When the Cable Gets Kicked — How Two Units Stay Coordinated After Disconnection
Two dedicated devices, one cable, zero cloud servers. When that cable gets disconnected, both machines keep working independently. When it is reconnected, they synchronize automatically.
A Pattern You Already Know
You may not have heard the term "Hub-Spoke topology," but you use it every day.
Open any airline's route map. A few large nodes — Denver, Los Angeles, Chicago — radiate dozens of connections to smaller cities. The large nodes are Hubs. The small cities are Spokes. Instead of flying direct from every city to every other city (which would require 435 routes for 30 cities), all traffic flows through a handful of hubs. Fewer routes, more coordination, vastly more efficient.

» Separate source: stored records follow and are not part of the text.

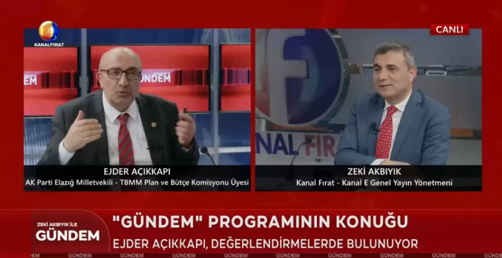 ELAZIĞ (AYIŞIĞI) AK Parti Elazığ Milletvekili Ejder Açıkkapı, CHP Elazığ Milletvekili Gürsel Erol’un son dönemdeki açıklamalarına ilişkin Kanal Fırat ‘ta Zeki Akbıyık’ın Gündem programına konuk olduğu programda kapsamlı bir değerlendirmede bulundu. Açıkkapı, Milletvekili Gürsel Erol’un söylemlerinin yapıcı siyasetten uzak olduğunu ifade ederek, kamuoyu önünde algı oluşturulmaya çalışıldığını savundu.
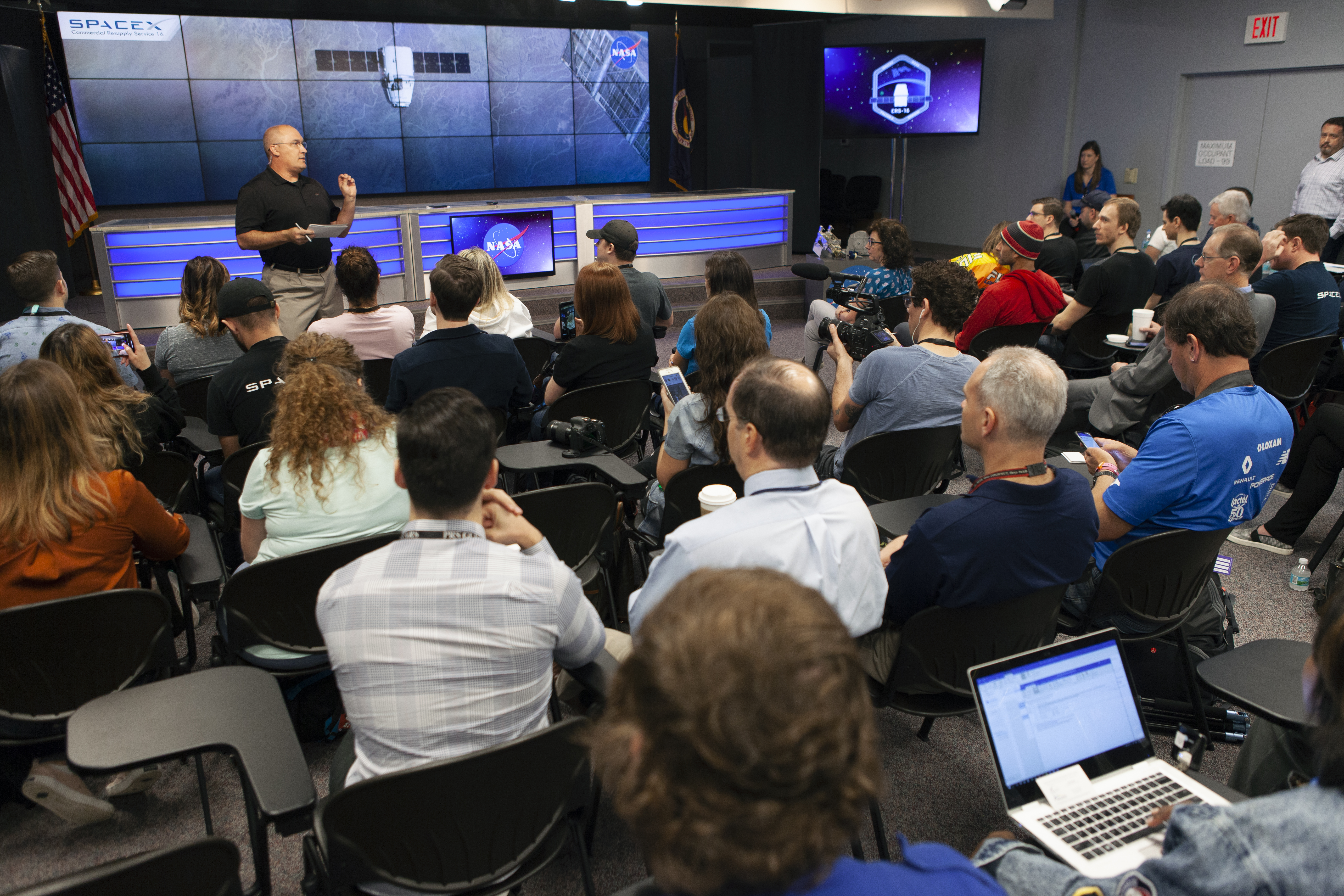 Greg Harland of NASA Communications speaks to members of the media in the Kennedy Space Center’s Press Site auditorium. The briefing focused on research planned for launch to the International Space Station. The scientific materials and supplies will be aboard a Dragon spacecraft scheduled for liftoff from Cape Canaveral Air Force Station's Space Launch Complex 40. The SpaceX Falcon 9 rocket will launch the company's 16th Commercial Resupply Services mission to the space station.
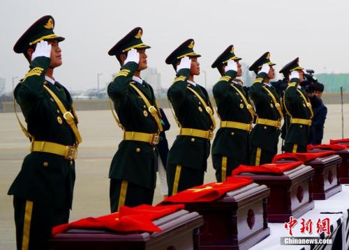 资料图:2015年3月20日,第二批在韩志愿军烈士遗骸迎接回国仪式在沈阳桃仙机场举行。(中新社发 李祥辉 摄)
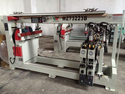 鑫荣MZ73223B三排钻 最大钻孔直径:Ø35mm 最大钻孔深度:60mm 钻轴数:11x4+21x1个 电机功率:7.5kw 主轴转速:2840r/min 使用电压:380v 机械重量:1000kg 外形尺寸:2600x2500x1580mm

Point-to-point (top) vs Hub-and-spoke (bottom): routing through a central hub reduces connections dramatically. Source: Wikipedia (public domain)
Logistics works the same way. FedEx routes everything through Memphis. A package from Taipei to Kaohsiung might fly through Memphis first — seemingly absurd, but centralized sorting is more efficient than point-to-point relay.
The pattern is everywhere in information systems too: a central node coordinates multiple edge nodes.
But traditional Hub-Spoke has a fatal assumption: the Hub is always online. Flights can wait for the hub airport to reopen. Packages can wait for the sorting center. But in a disaster zone, if the Hub goes down, patients cannot wait.
xGrid's Hub-Spoke makes one critical modification: every Spoke is a complete system, not just a terminal. Hub down? Spoke keeps working. Cable disconnected? Both sides operate independently. Cable reconnected? Automatic synchronization.
The Fundamental Trade-Off
In any system that spans multiple locations, you face an unavoidable choice: prioritize consistency (every location always sees the same data) or availability (every location always keeps working).
Most hospital information systems prioritize consistency. They assume the network is reliable and treat disconnection as an exception that degrades service.
xGrid prioritizes availability. Not because consistency does not matter, but because in disaster medicine, disconnection is not an exception — it is the baseline. The cable will get kicked. The wireless signal will drop. The generator will run out of fuel.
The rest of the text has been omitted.